Each workload running on StateMesh can be exposed to the outside world using a generated public DNS address over a TLS connection (eg: https://app-abcdef-xjlfg.eu-central-1.statemesh.net. Routing is performed based on hostname and path for HTTPS services and TLS SNI for TCP services. Because UDP traffic does not support TLS, routing is based on the incoming port.

StateMesh Ingress routing
Figure: StateMesh Ingress routing

Nodes

Worker nodes are the actual compute nodes that run customer workloads. They can be virtual machines or physical machines with an x86-64 or amd64 CPU architecture. arm64 is on the roadmap and planned in next releases.

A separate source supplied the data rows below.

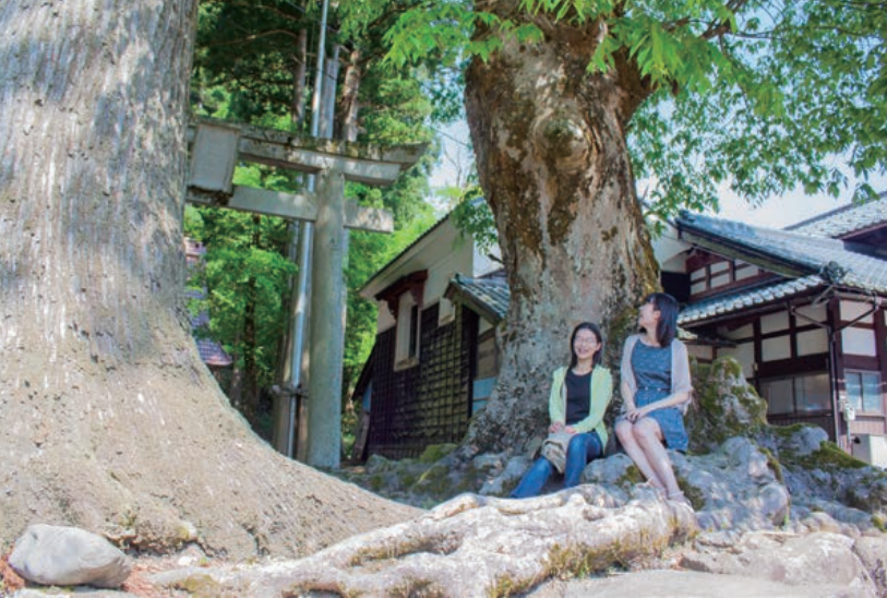
5 寄り添う巨木がお出迎えしてくれる白山神社
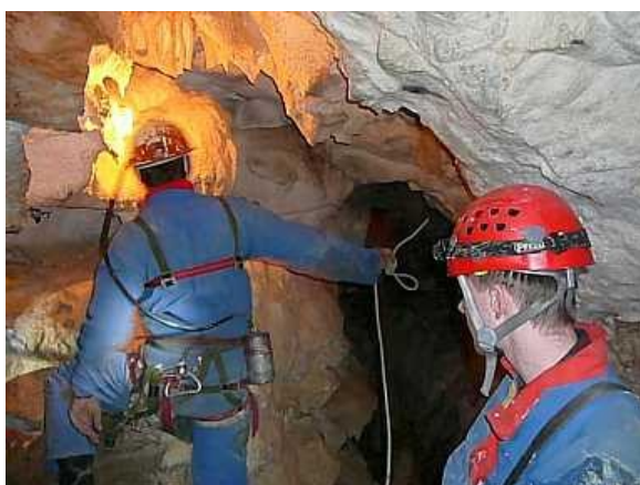
Sestup do propasti
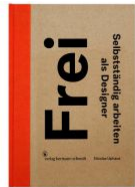
Frei Ladenpreis: 46,30EUR
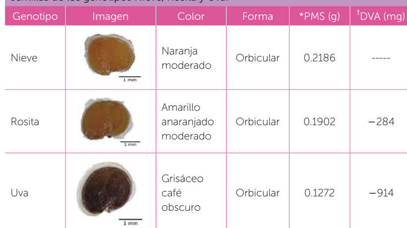
Cuadro 1. Color, forma, peso de mil semillas y diferencia al peso más grande de semillas de los genotipos Nieve, Rosita y Uva.

*PMS: Peso de mil semillas; †DVA: Diferencia al valor más alto.
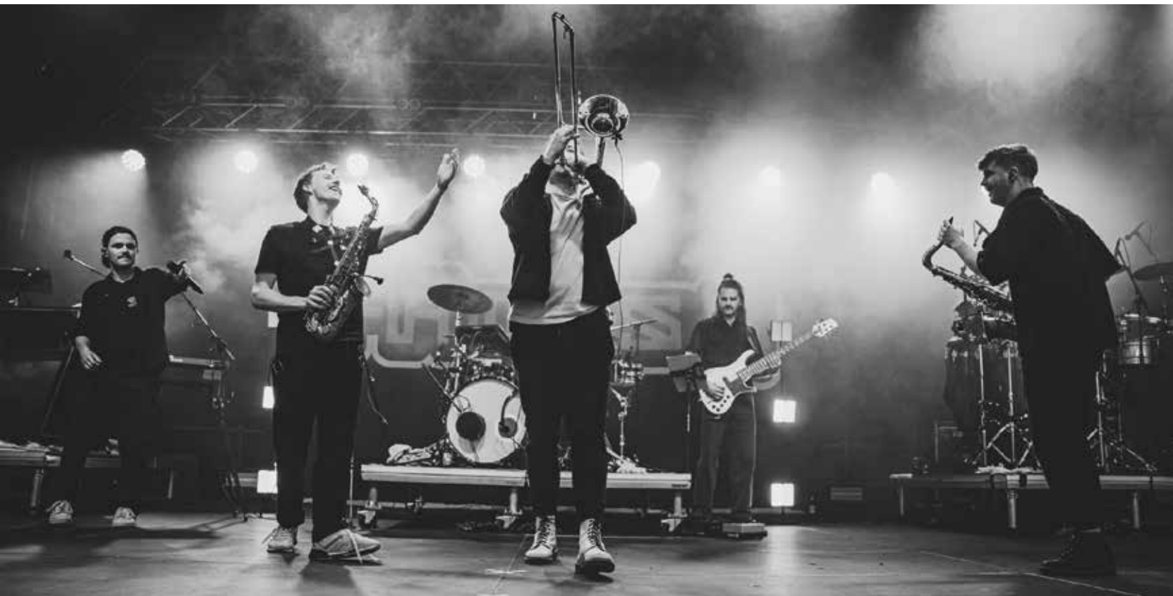
Mit ihrer energiegeladenen Mischung aus fetten Beats, starken Rap-Parts und kraftvoller Brass-Section sorgt Fättes B für Stimmung auf der Bühne.

Einer der großen Kultursommer-Höhepunkte ist das Sommer Open Air am Sonntag, 26. Juli auf dem Hauptplatz. Egal ob direkt vor der Bühne oder entspannt in einer Liege am Stadtstrand garantiert das Sommer Open Air bei kühlen Getränken, leckerem Essen und freiem Eintritt beste Abendunterhaltung. Die Besucherinnen und Besucher dürfen sich auf Fättes B freuen. Ursprünglich als Brassband gestartet, liefert die Crew jetzt einen bombastischen Mix aus „fättes“ Beats, starken Raps und einer phänomenalen Brass-Section. Bevor Fättes B Pfaffenhofen zum Beben bringen, beweisen die Pfaffenhofener Musikerinnen der Band Catcall, warum sie gleichzeitig den Jury- und den Publikumspreis beim letzten Saitensprung-Festival gewonnen haben. Mit ihrer Mischung aus Rock, Punk und Grunge versprechen sie eine einzigartige Energie auf der Bühne und bieten textlich einen gesellschaftskritischen Blickwinkel auf das aktuelle Zeitgeschehen.
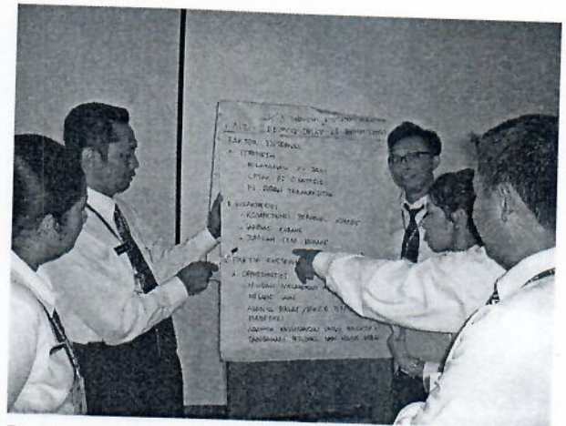
Gambar 20 : Peserta melaksanakan diskusi kelompok
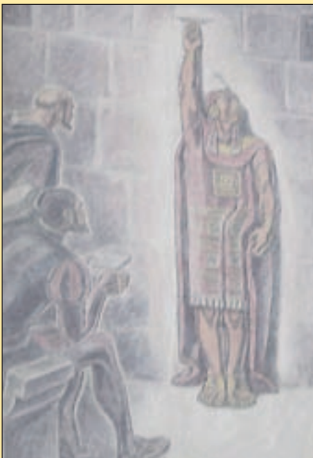
4. Tag Der letzte Inka-Herrscher Atahualpa auf einem modernen Gemälde: Mit dem ausgestreckten Arm zeigt er an, wie hoch das Gold zu stapeln ist, das er den Spaniern für seine Freilassung verspricht.
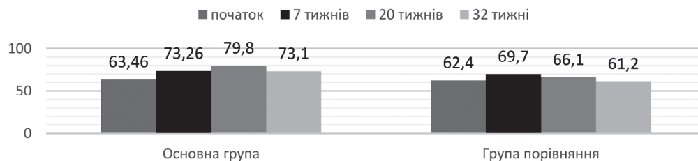
Мал. 2. Зміни показника FEV 1 за період спостереження у пацієнтів з бронхіальною астмою на тлі надмірної маси тіла або ожиріння у процесі застосування лікувально-профілактичного комплексу
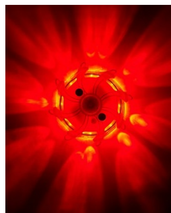
Éclairage 360° - visible à 1 Km

La lampe PULSAR multi mode est rechargeable, conçue pour la signalisation (intervention trafic, sécurisation d'accident...). Il y'a 10 modes: Rotation / SOS / Quadri flash / Clignotement / Clignotement alternatif / Continu 100% / Continu 50% / Continu 2 LED / Continu 4 LED / Torche Blanche). Cet éclairage au design unique est conçu pour résister aux chocs (résiste à un écrasement jusqu'à 1 tonne) et à une immersion pouvant aller jusqu'à 10m. Le PULSAR est également équipé d'un aimant permettant de le positionner sur n'importe quelle surface métallique.
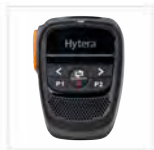
Microfono wireless SM27W2
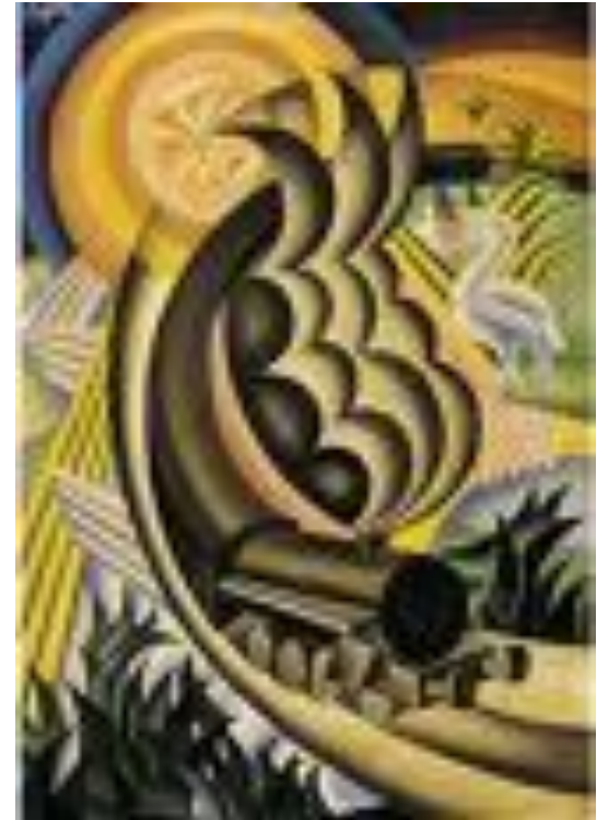
Fortunato De Pero: "Treno partorito dal sole" (1910)

No, l'uomo non è nato per tener le mani legate al palo delle preghiere. E Dio non vuole ginocchia umiliate nelle chiese, ma gambe di fuoco che galoppano, mani che accarezzano viscere di ferro, menti che generano fiamme e braci, labbra che danno baci. Dico che io vivo, penso, lavoro e che questo che faccio è un buon pregare, che a Dio gli piace molto e ne rispondo. E dico che l'amore è il migliore sacramento, che amo, che vi amo, e che non ho un posto nell'inferno.
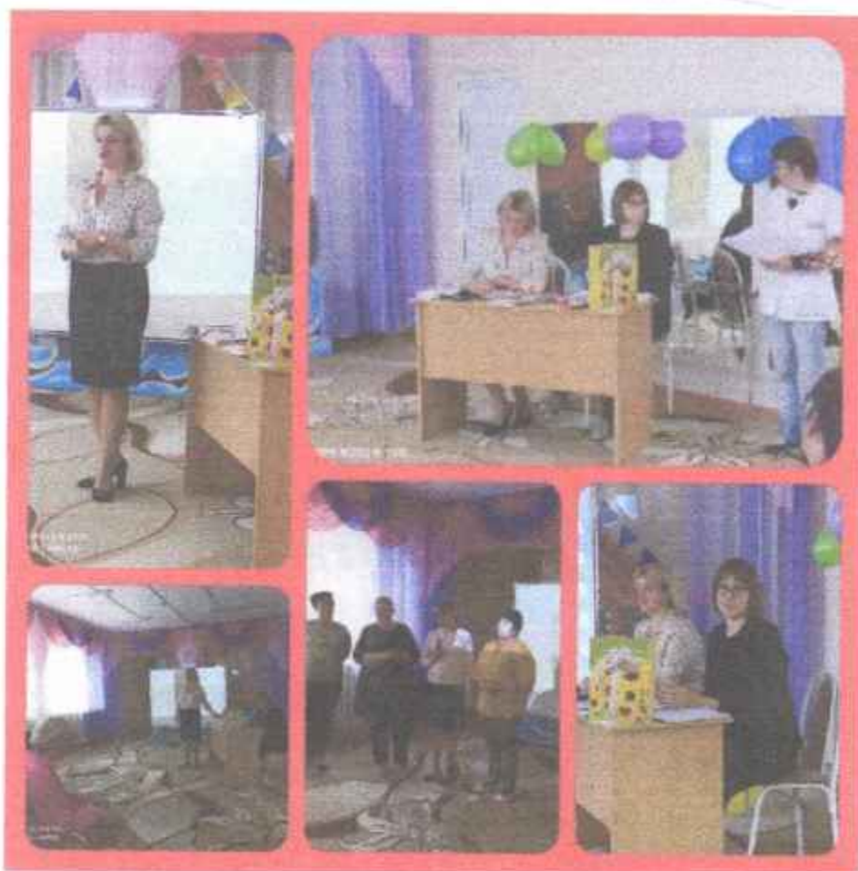
Результаты работы молодых педагогов
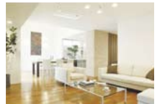
天井埋め込み型エアコン (ダイキン工業株式会社)
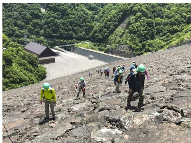
徳山ダム堤体登坂体験ツアーの様子（平成30年5月）
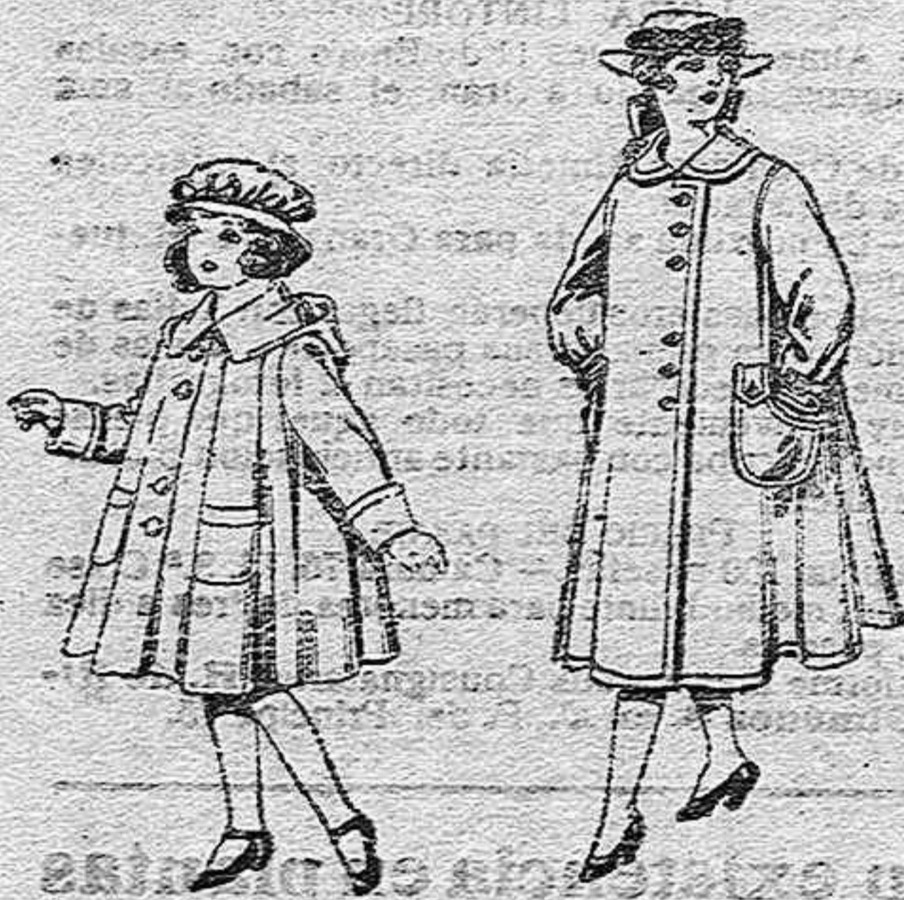
Abrigos de paten, para niñas de 4 a 9 años, de pesetas 22 a 33.
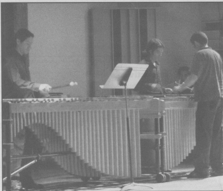
CON LA PARTICIPACIÓN DEL ENSAMBLE DE PERCUSIONES DEL CONSERVATORIO DE LAS ROSAS CONCLUYÓ EL IV FIMCM.

El cierre del programa estuvo a cargo del Ensemble de Percusiones del Conservatorio de las Rosas con la obra "Drumming" de Steve Reich (1936), compositor neoyorquino considerado pionero

Nodes are operated by node operators. Each node operator is responsible for maintaining the node's uptime and keeping a minimum MESH balance to confirm the node's presence on the network.

info

MESH is used only for paying gas fees associated with confirming the node's presence on the network.

Nodes must run a fresh installation of the Ubuntu 22.04 operating system. Other configurations are not supported.

Blockchain

StateMesh uses its own L1 blockchain to store and validate node states using Time Towers. At the end of each chain epoch, the tower registry is reconfigured for each availability zone to reflect jailed nodes and elected node operators for the next epoch.

The blockchain is also used to handle automated stablecoin payments and bridging stablecoins from/to Statemesh to other blockchains.

Time Towers

Each node operator must run the StateMesh Tower Service service on his machine to join the global miner pool. Being in the miner pool is necessary to be able to join a cluster. The higher the Time Tower, the more likely the node is to be elected for task execution.